Военный моряк с трудом сдержал себя. Наказ дяди, служившего ему высшим авторитетом, был нерушим.

Владь Ильин расхаживал по опустевшей даче, спускался с веранды в ухоженный сестрой цветник. Одного за другим встречал подъезжавших соратников, с кем вместе правил Страной, восстановил промышленность, вернул плановое хозяйство, помог всегда шедшей в первых рядах прогресса науке, поднимал высокую и самобытную культуру. Сам он отказался от всех привилегий. Вслед за ним это сделали и его товарищи по совместной титанической работе.

Всех их Владимир Ильин отсылал обратно.

— Поезжай домой, — говорил он каждому. — Мне здесь ты ничем не поможешь, а себя подставишь.

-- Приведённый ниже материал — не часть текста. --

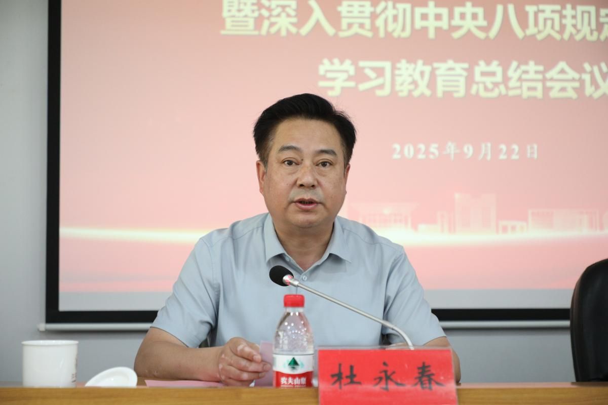 校党委常委、纪委书记、派驻监察专员杜永春领学习近平总书记关于深入贯彻中央八项规定精神学习教育的重要指示精神,传达学习中央、省委党的建设工作领导小组会议精神。

А ты еще нужен и стране, и мне.

С тревогой покидали они стоявшую на взгорье дачку на улице Великого композитора.

Когда совсем стемнело, Ильин поднялся в свою былую комнату в мезонине.

Всю ночь глядя на звездное небо, он вспоминал свою Лину, с которой летал меж ними ради людей Земли.

А вот там, в лесу, на покрытой ромашками полянке, они вместе слушали пение соловья. Лина с редкой непосредственностью восхищалась его трелями.

Он удивлялся:

— Разве в Америке нет соловьев?

— Может быть, в Канаде. Она своими березками так похожа на вашу Россию. А в Штатах, видно, для соловьев слишком жарко, Ведь Нью-Йорк южнее Стамбула.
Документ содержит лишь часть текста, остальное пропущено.